Rust's binary is a single executable: **62 MB vs 1 840 MB peak RSS**.

**3. Zero-cost abstractions.**
Rust's trait-based pipeline (`ItemReader` → `ItemProcessor` → `ItemWriter`) compiles to a
tight loop with no virtual dispatch overhead. Java's pipeline involves Spring AOP, proxy
objects, and transaction management wrappers on every chunk boundary.

**4. Startup time.**
The JVM takes 3.2 s to start, load classes, and JIT-compile hot paths.

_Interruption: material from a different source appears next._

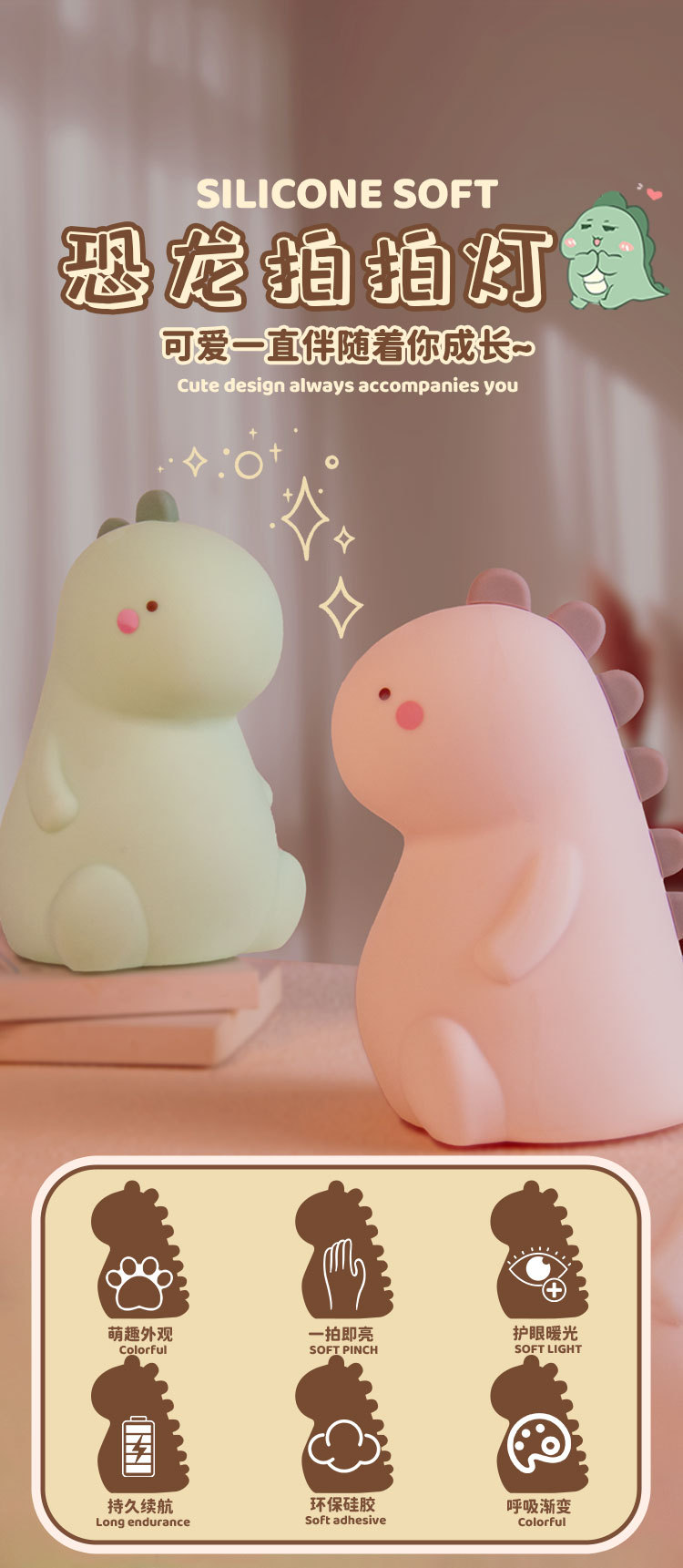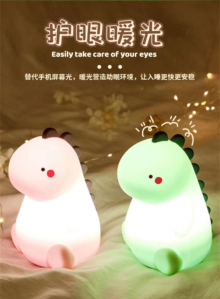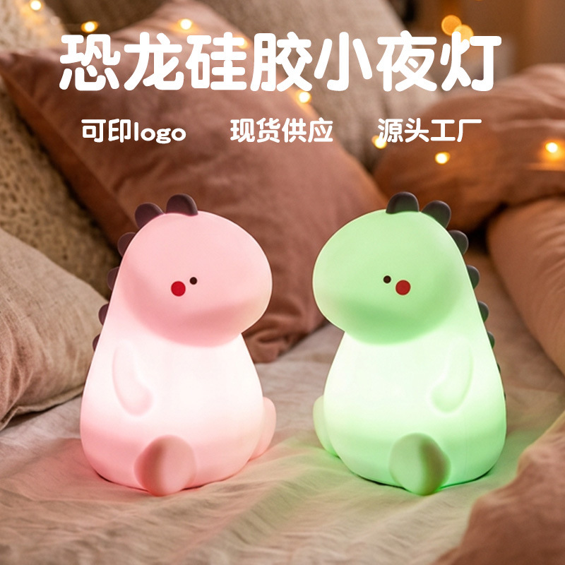 공룡 터치 램프 야간등 USB 충전 창의적인 야간등 다채로운 조명 실리콘 터치 램프 제조업체 도매
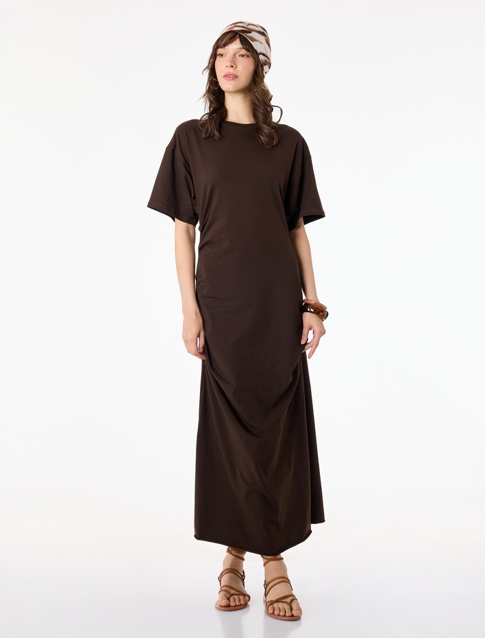 Büzgü Detaylı Kısa Kollu Bisiklet Yaka Pamuklu Uzun Elbise Sepete Ekle

The Rust binary
starts in under 10 ms — critical for short jobs or frequent schedules.

### When to choose Java

- Your team is Java-first and migration cost outweighs performance gains
- You need Spring ecosystem integrations (Spring Data, Spring Cloud Task, Spring Integration)
- Your batch jobs run infrequently and throughput is not the bottleneck
- You require rich operational features: `JobRepository`, `JobExplorer`, REST API control

### When to choose Rust

- Throughput and latency are business requirements (financial settlement, real-time ETL)
- Memory is constrained (embedded systems, small containers)
- GC pauses would cause SLA violations
- You want a single statically-linked binary with no runtime dependency
- Cold-start time matters (serverless, frequent scheduling)

---

## How to Reproduce

### Prerequisites

```bash
# PostgreSQL 15+ (Docker):
docker run -d --name pg-bench \
  -p 5432:5432 \
  -e POSTGRES_PASSWORD=postgres \
  -e POSTGRES_DB=benchmark \
  postgres:15
```

### Run the Rust benchmark

```bash
# Build in release mode (required for fair comparison)
cargo build --release --example benchmark_csv_postgres_xml \
  --features csv,xml,rdbc-postgres

# Run and measure peak RSS
/usr/bin/time -v \
  cargo run --release --example benchmark_csv_postgres_xml \
    --features csv,xml,rdbc-postgres \
  2>&1 | tee rust_bench.log

# Extract key metrics
grep -E "Step|SUMMARY|Maximum resident" rust_bench.log
```

### Run the Java benchmark

```bash
cd benchmark/java

# Requires Java 25 + Maven 3.9+
# Build fat JAR (Spring Boot 4.0.3 / Spring Batch 6.x)
mvn package -q -DskipTests

# Run with GC logging, virtual threads, and RSS measurement
/usr/bin/time -v java \
  -Xms512m -Xmx4g \
  -XX:+UseG1GC \
  -Xlog:gc*:gc.log \
  -jar target/spring-batch-benchmark-1.0.0.jar \
  --spring.datasource.url=jdbc:postgresql://localhost:5432/benchmark \
  2>&1 | tee java_bench.log

# Parse GC summary
grep "Pause" gc.log | tail -20
grep "Maximum resident" java_bench.log
```

<Aside type="note">
**Truncate the table** between runs to avoid primary key conflicts:

```sql
TRUNCATE TABLE transactions;
```

The Rust benchmark does this automatically on each run. For Java, run the SQL manually or
set `spring.sql.init.mode=always` to re-create the table on startup.